Shen Hong-Bin, Yang Jie, Liu Xiao-Jun, Chou Kuo-Chen
Institute of Image Processing and Pattern Recognition, Shanghai Jiaotong University, Shanghai 200030, China.
Biochem Biophys Res Commun. 2005 Aug 26;334(2):577-81. doi: 10.1016/j.bbrc.2005.06.128.

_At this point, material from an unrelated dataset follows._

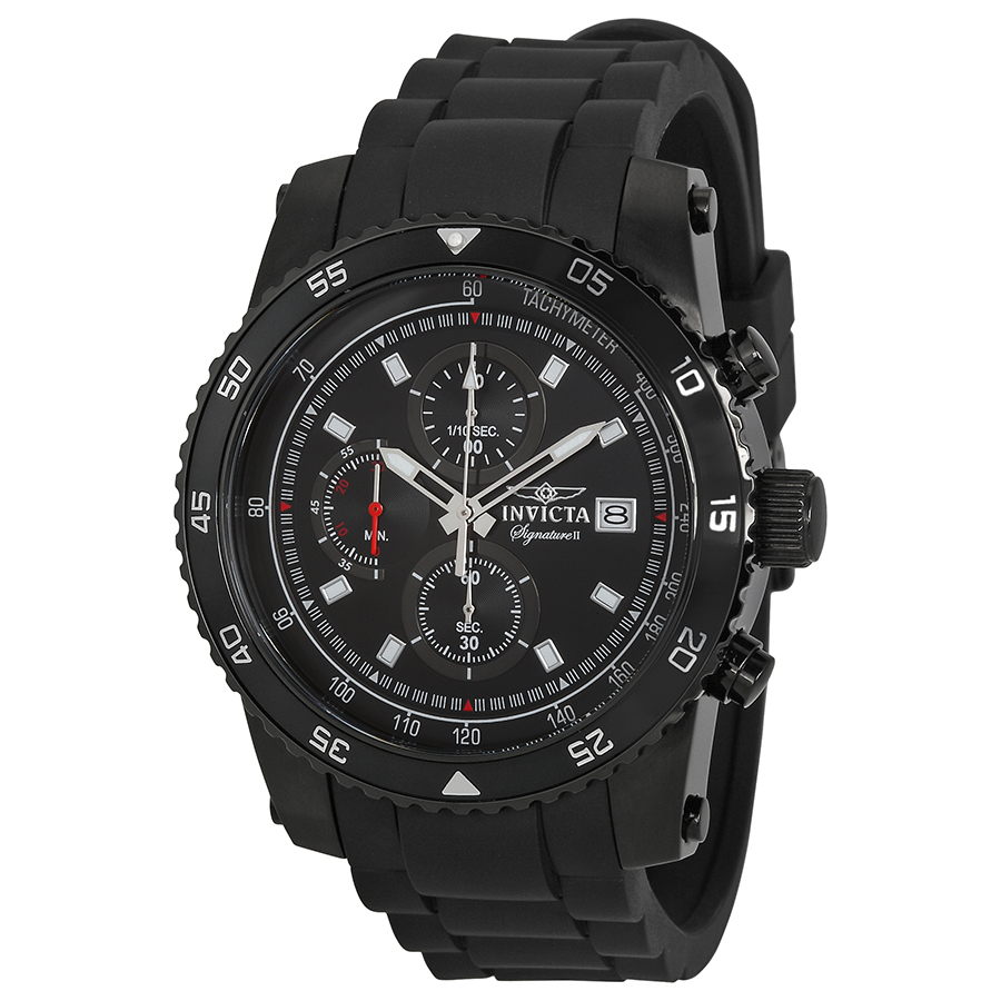 Black ion-plated stainless steel case with a black rubber strap. Uni-directional rotating black ion-plated bezel. Black dial with silver-tone hands and index hour markers. Minute markers, tachymeter around the outer rim. Dial Type: Analog. Luminescent hands and markers. Date display at the 3 o'clock position. Chronograph - three sub-dials displaying: 60 second, 60 minute and 1/10th of a second. Caliber 5050.E2 quartz movement. Scratch resistant flame fusion crystal. Pull / push crown. Solid case back. Case size: 45mm. Case thickness: 12mm. Round case shape. Band width: 22 mm. Deployment clasp with a push button release. Water resistant at 50 meters / 165 feet. Functions: chronograph, date, hour, minute, second, tachymeter. Additional Info: this watch comes with an extra strap. Casual watch style. Invicta Signature II Chronograph Black Dial Mens Watch 7454.

Prediction of protein classification is both an important and a tempting topic in protein science. This is because of not only that the knowledge thus obtained can provide useful information about the overall structure of a query protein, but also that the practice itself can technically stimulate the development of novel predictors that may be straightforwardly applied to many other relevant areas. In this paper, a novel approach, the so-called "supervised fuzzy clustering approach" is introduced that is featured by utilizing the class label information during the training process. Based on such an approach, a set of "if-then" fuzzy rules for predicting the protein structural classes are extracted from a training dataset. It has been demonstrated through two different working datasets that the overall success prediction rates obtained by the supervised fuzzy clustering approach are all higher than those by the unsupervised fuzzy c-means introduced by the previous investigators [C.T. Zhang, K.C. Chou, G.M. Maggiora. Protein Eng. (1995) 8, 425-435]. It is anticipated that the current predictor may play an important complementary role to other existing predictors in this area to further strengthen the power in predicting the structural classes of proteins and their other characteristic attributes.
蛋白质分类预测是蛋白质科学中一个重要且诱人的课题。这不仅是因为由此获得的知识能够为查询蛋白质的整体结构提供有用信息,还因为该实践本身在技术上能够推动新型预测器的发展,而这些预测器可直接应用于许多其他相关领域。本文介绍了一种新颖的方法,即所谓的“监督模糊聚类方法”,其特点是在训练过程中利用类别标签信息。基于这种方法,从训练数据集中提取了一组用于预测蛋白质结构类别的“如果-那么”模糊规则。通过两个不同的工作数据集已经证明,监督模糊聚类方法获得的总体成功预测率均高于先前研究者引入的无监督模糊c均值方法[C.T. 张,K.C. 周,G.M. 马焦拉。蛋白质工程(1995年)8卷,425 - 435页]。预计当前的预测器在该领域可能会对其他现有预测器起到重要的补充作用,以进一步增强预测蛋白质结构类别及其其他特征属性的能力。